III. Faits et antécédents de la procédure

1. E.C.A. est une ASBL qui a été constituée le 19 décembre 1990. Elle a pour objet la promotion culturelle et artistique. Dans le dossier de presse qu'elle distribue à l'occasion des concerts qu'elle organise, E.C.A. affirme qu'elle a pour premier objectif le soutien des artistes de musique classique, en leur assurant un certain nombre de concerts, et, pour second objectif la philanthropie, en organisant la plupart de ses concerts au profit d'oeuvres caritatives. Elle met à son programme entre 10 et 20 concerts par an.

MM. Lebbink, Lorquet, Bourguignon et Mme Dufour (dénommés ci-après les consorts Lebbink) en sont les administrateurs.

En 1995, E.C.A. sollicite la collaboration de l'orchestre de musique de chambre Nuove Musiche, dont les musiciens sont regroupés au sein d'une ASBL portant le même nom. Un cachet de 890.000 FB est convenu pour six représentations dans différentes villes du pays (Westerloo, Ooidonk, Modave, La Hulpe et Bruxelles) entre le 9 juin et le 28 novembre 1995.

E.C.A. verse à Nuove Musiche 364.000 FB par différents versements partiels. Le 11 mars 1996, Nuove Musiche met E.C.A. en demeure de payer le solde dû, soit 526.000 FB.

2. Par exploit du 5 avril 1996, Nuove Musiche fait citer E.C.A. devant le tribunal de première instance de Bruxelles en paiement de cette somme, augmentée des intérêts moratoires depuis la mise en demeure. Par jugement du 30 avril 1996, le tribunal fait droit à cette demande.

Le 24 juin 1996, l'assemblée générale d'E.C.A. prend la résolution suivante:

L'assemblée a décidé à l'unanimité, au vu de la constatation que l'actif de l'association ne couvre plus le passif, que de ce fait l'association ne sait plus poursuivre son but, que l'actif devra couvrir au marc le franc tous les créanciers, que le patrimoine de l'association ne compte plus aucun bien mobilier (ou immobilier), que les liquidités disponibles devraient couvrir les frais de dissolution sans plus, de dissoudre l'association et de constater que l'ASBL European Cultural Association a définitivement cessé d'exister.

Cette résolution est déposée au Moniteur belge pour publication le 1er juillet 1996.

3. Par exploit du 25 juin 1996, Nuove Musiche fait citer E.C.A. et les consorts Lebbink devant le tribunal de commerce de Bruxelles, pour s'entendre déclarer que l'activité exercée par E.C.A. est en réalité imputable à une société en nom collectif irrégulière constituée des consorts Lebbink, et s'entendre condamner, cette société et chacun des associés, au paiement de 526.000 FB augmentés des intérêts moratoires.

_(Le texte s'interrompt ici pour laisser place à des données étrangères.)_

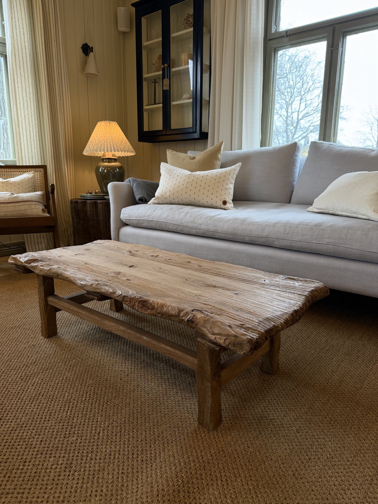 Dette vakre sofabordet kombinerer tidløst design med ekte håndverk. Laget i massivt tre med naturlige detaljer og karakteristiske merker, slik at hvert bord sitt eget unike uttrykk. Den solide konstruksjonen og det varme, rustikke preget gjør bordet til et naturlig midtpunkt i stuen – like funksjonelt som det er estetisk.

Le tribunal de commerce de Bruxelles fait droit à cette demande par jugement rendu par défaut le 26 septembre 1996.

Opposition est signifiée, tant par E.C.A. que par les consorts Lebbink par exploit du 20 janvier 1997.

Par le jugement attaqué, le premier juge dit cette opposition non fondée.

4. E.C.A. et les consorts Lebbink interjettent appel de cette décision dont ils postulent la réformation.

En cours d'instance, ils introduisent une demande nouvelle tendant au paiement de 80.000 FB de dommages et intérêts pour réparer le préjudice qu'ils auraient subi en raison d'accusations mensongères dont ils auraient été l'objet de Nuove Musiche, demande portée ensuite, par voie de conclusions additionnelles, à 140.000 FB, sur le double fondement du procès téméraire et vexatoire et de la répétibilité des honoraires d'avocat.

IV. Discussion
1. Sur la recevabilité de l'appel introduit par E.C.A.

5. Il résulte du procès-verbal de l'assemblée générale du 24 juin 1996 qu'E.C.A. est dissoute et liquidée définitivement depuis cette date, avec la conséquence qu'elle ne peut plus se prévaloir d'une quelconque personnalité juridique.

Le fait que l'association formée par les consorts Lebbink soit, le cas échéant, une ASBL ou une société en nom collectif, qualifiée d'irrégulière, n'implique pas que deux êtres juridiques différents aient été créés. La controverse ne porte que sur la forme juridique de l'association ou de la société mais n'affecte pas sa personnalité civile qui demeure distincte de celle de ses associés.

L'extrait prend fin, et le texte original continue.